══ Data section ══
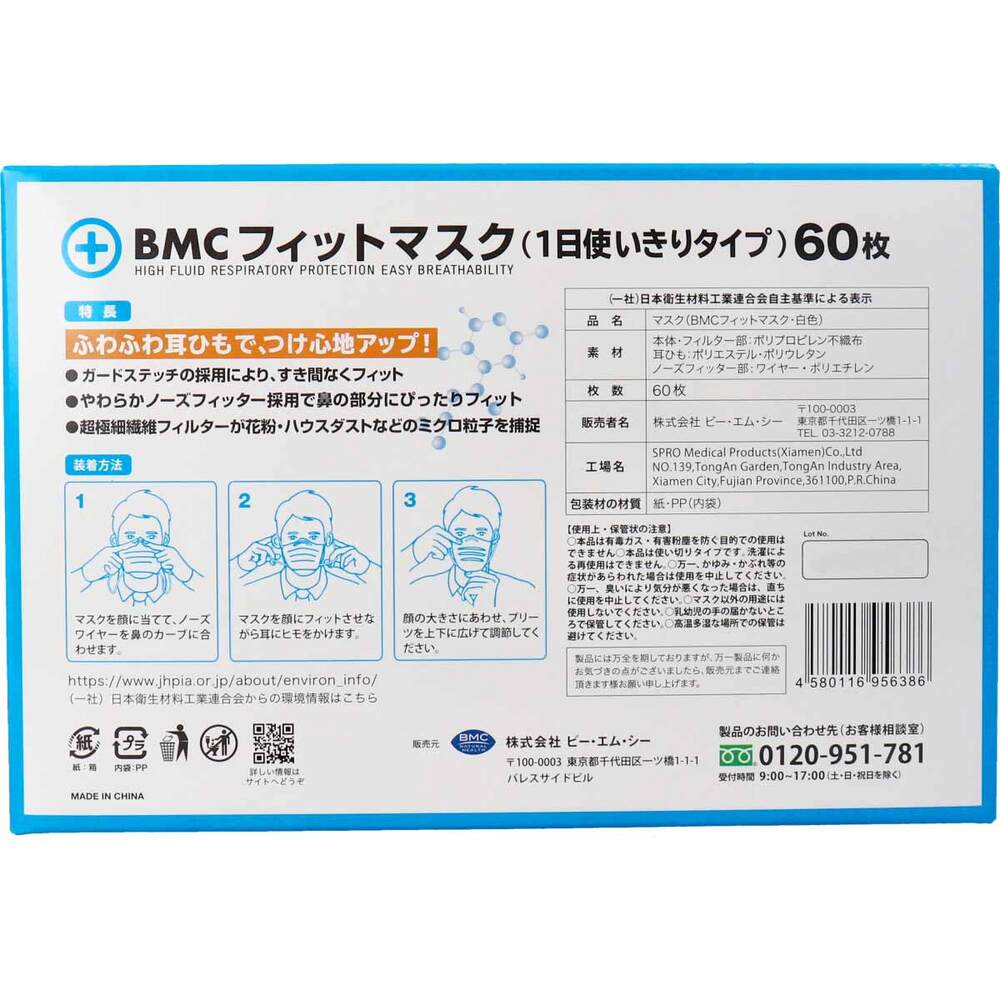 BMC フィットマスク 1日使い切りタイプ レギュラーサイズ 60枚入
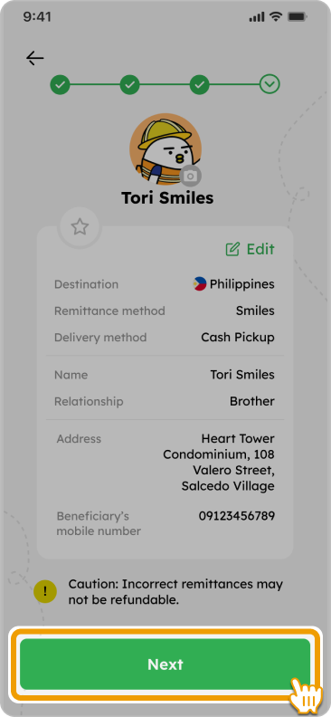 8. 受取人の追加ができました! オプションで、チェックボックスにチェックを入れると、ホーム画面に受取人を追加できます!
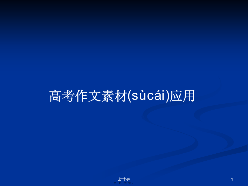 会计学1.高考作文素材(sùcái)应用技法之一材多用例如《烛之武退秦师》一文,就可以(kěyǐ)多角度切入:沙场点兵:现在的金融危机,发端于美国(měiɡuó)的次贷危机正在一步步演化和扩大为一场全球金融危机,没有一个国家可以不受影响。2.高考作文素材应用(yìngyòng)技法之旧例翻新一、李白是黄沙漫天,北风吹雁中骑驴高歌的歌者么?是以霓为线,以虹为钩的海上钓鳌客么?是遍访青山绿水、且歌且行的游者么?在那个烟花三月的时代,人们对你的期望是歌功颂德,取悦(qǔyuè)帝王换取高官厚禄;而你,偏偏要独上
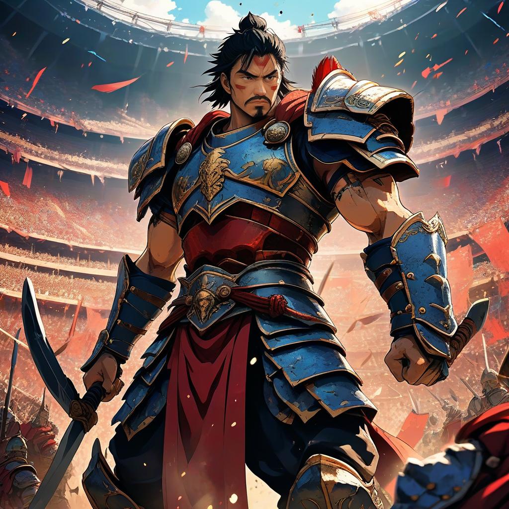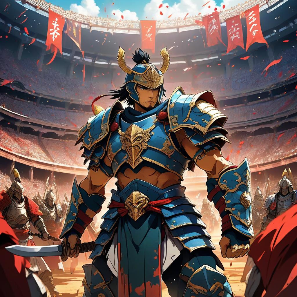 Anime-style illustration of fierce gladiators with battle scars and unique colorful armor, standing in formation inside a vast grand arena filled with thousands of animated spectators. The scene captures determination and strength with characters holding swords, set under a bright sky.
═══
* Your instructions
The result should be a verbatim copy of the data, free of pictures.

* Response to this task
 BMC フィットマスク 1日使い切りタイプ レギュラーサイズ 60枚入
 8. 受取人の追加ができました! オプションで、チェックボックスにチェックを入れると、ホーム画面に受取人を追加できます!
 会计学1.高考作文素材(sùcái)应用技法之一材多用例如《烛之武退秦师》一文,就可以(kěyǐ)多角度切入:沙场点兵:现在的金融危机,发端于美国(měiɡuó)的次贷危机正在一步步演化和扩大为一场全球金融危机,没有一个国家可以不受影响。2.高考作文素材应用(yìngyòng)技法之旧例翻新一、李白是黄沙漫天,北风吹雁中骑驴高歌的歌者么?是以霓为线,以虹为钩的海上钓鳌客么?是遍访青山绿水、且歌且行的游者么?在那个烟花三月的时代,人们对你的期望是歌功颂德,取悦(qǔyuè)帝王换取高官厚禄;而你,偏偏要独上
 Anime-style illustration of fierce gladiators with battle scars and unique colorful armor, standing in formation inside a vast grand arena filled with thousands of animated spectators. The scene captures determination and strength with characters holding swords, set under a bright sky.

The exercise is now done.